Un mot de Huguette Simard, voisine directe malgré elle de l’aéroport de Neuville

Suite à un communiqué émis le 24 janvier par Neuville Aéro (Martin Mercier) je me dois de vous livrer ma version des choses.

Juillet
Un homme se présente dans la cour de ma maison et demande à mon mari si on est à vendre car depuis longtemps il cherche un endroit comme celui-ci : tranquille, isolé et pas loin de la ville. Mon mari lui dit que pour le moment on n’est pas intéressés à vendre. (Nous apprendrons plus tard que cet homme n’était nul autre que Martin Mercier.)

Septembre
Steve Sénéchal  vient voir mon mari qui est à l’extérieur dans son garage pour savoir s’il serait intéressé à vendre. Il explique que les promoteurs de l’aéroport ont fait des offres d’achat à Ferme Langlois et Fils : 350 000$ pour une terre qui valait 64 000$ (et non pas 100 000$). Et 2 autres terres au nord de celle de Langlois ont aussi reçues des offres. Steve Sénéchal dit que ça niaise : la ville a bloqué l’achat en faisant une offre.

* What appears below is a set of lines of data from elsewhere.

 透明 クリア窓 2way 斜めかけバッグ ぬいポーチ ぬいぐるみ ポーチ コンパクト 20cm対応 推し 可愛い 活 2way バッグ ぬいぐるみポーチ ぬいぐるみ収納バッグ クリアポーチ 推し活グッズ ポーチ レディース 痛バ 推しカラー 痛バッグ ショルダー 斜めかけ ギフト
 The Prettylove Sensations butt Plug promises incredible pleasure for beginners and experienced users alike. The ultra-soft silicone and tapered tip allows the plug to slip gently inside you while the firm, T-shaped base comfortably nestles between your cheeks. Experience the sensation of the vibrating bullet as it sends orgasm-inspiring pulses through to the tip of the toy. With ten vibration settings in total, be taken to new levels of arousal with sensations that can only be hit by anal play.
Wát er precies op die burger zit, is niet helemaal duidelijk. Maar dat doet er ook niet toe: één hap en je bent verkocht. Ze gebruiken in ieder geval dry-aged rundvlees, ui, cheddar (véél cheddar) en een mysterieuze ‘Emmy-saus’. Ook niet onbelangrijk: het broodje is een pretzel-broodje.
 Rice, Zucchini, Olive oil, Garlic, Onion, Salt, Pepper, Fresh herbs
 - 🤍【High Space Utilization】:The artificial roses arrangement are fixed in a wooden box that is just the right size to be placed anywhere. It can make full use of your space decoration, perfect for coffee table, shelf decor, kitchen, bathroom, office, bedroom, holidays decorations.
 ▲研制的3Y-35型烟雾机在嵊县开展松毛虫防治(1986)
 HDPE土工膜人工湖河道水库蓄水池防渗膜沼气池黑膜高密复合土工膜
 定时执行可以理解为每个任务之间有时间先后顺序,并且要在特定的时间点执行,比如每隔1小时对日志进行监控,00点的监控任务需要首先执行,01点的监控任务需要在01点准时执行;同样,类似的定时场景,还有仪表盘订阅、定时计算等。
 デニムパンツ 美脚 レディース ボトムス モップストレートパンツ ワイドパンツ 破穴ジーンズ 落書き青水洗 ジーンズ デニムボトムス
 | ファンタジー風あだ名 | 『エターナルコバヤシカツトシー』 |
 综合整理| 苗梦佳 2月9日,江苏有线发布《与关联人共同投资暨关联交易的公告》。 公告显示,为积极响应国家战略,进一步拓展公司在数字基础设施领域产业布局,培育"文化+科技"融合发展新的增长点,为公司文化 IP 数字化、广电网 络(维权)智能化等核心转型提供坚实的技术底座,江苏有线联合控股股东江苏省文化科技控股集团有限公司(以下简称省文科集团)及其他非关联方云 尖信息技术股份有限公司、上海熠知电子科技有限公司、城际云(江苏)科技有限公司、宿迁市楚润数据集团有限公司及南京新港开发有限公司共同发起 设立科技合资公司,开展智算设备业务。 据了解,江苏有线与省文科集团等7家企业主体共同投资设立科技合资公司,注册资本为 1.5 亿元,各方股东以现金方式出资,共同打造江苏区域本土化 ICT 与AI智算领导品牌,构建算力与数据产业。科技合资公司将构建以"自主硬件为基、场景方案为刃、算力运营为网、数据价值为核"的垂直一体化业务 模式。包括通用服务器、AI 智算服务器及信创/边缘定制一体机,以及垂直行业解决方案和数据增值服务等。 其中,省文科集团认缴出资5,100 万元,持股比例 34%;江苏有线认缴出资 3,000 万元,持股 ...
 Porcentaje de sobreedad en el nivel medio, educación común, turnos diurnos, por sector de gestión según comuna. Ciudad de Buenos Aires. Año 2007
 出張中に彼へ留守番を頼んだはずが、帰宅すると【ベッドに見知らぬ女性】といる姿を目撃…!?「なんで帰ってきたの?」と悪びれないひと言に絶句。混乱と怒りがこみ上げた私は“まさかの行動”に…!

Nous savions tous que la ville bloquait la vente et que la stratégie des promoteurs était à ce moment de faire des offres à d’autres propriétaires de ferme. Alors mon mari a dit « Si vous voulez m’acheter moi c’est le double.» Quand on n’est pas intéressés à vendre et qu’on sait la stratégie qui se faisait, c’était la réponse à donner. On n’a pas eu de réponse et on n’en attendait pas.

Mi-novembre
La vente de la terre  de Ferme Langlois et Fils est faite et M. Mercier m’appelle pour nous rencontrer. Il nous explique que  les décollages et les atterrissages se feront au-dessus de notre serre, qui est près de la maison. Je lui demande s’il serait possible de faire la piste de façon à se diriger pour ne pas passer au-dessus de nous. Une chose pas possible qu’il dit car c’est une demande de Transport Canada, ça doit être parallèle à la route 40. Nous apprendrons plus tard en parlant à Transport Canada que c’est inexact. Par la suite M. Mercier offre de déplacer la serre et aussi le lac qui alimente mon arrosage: une offre immédiatement refusée. Je vous demande à vous qui lisez ceci : si vous étiez à notre place et que votre voisin, qui venait d’arriver en face de chez vous, vous offrait de déplacer votre piscine et votre cabanon parce qu’ils sont dans ses jambes comment le prendriez-vous?  C’est à ce moment que mon mari a dit à M. Mercier et Sénéchal que nous n’avions rien contre eux mais que nous ne voulions pas d’aéroport en face de nous parce que ce ne sera pas vivable pour nous.

C’est ainsi que ça s’est passé. À vous de vous faire votre propre opinion.

C’est ma première et dernière intervention.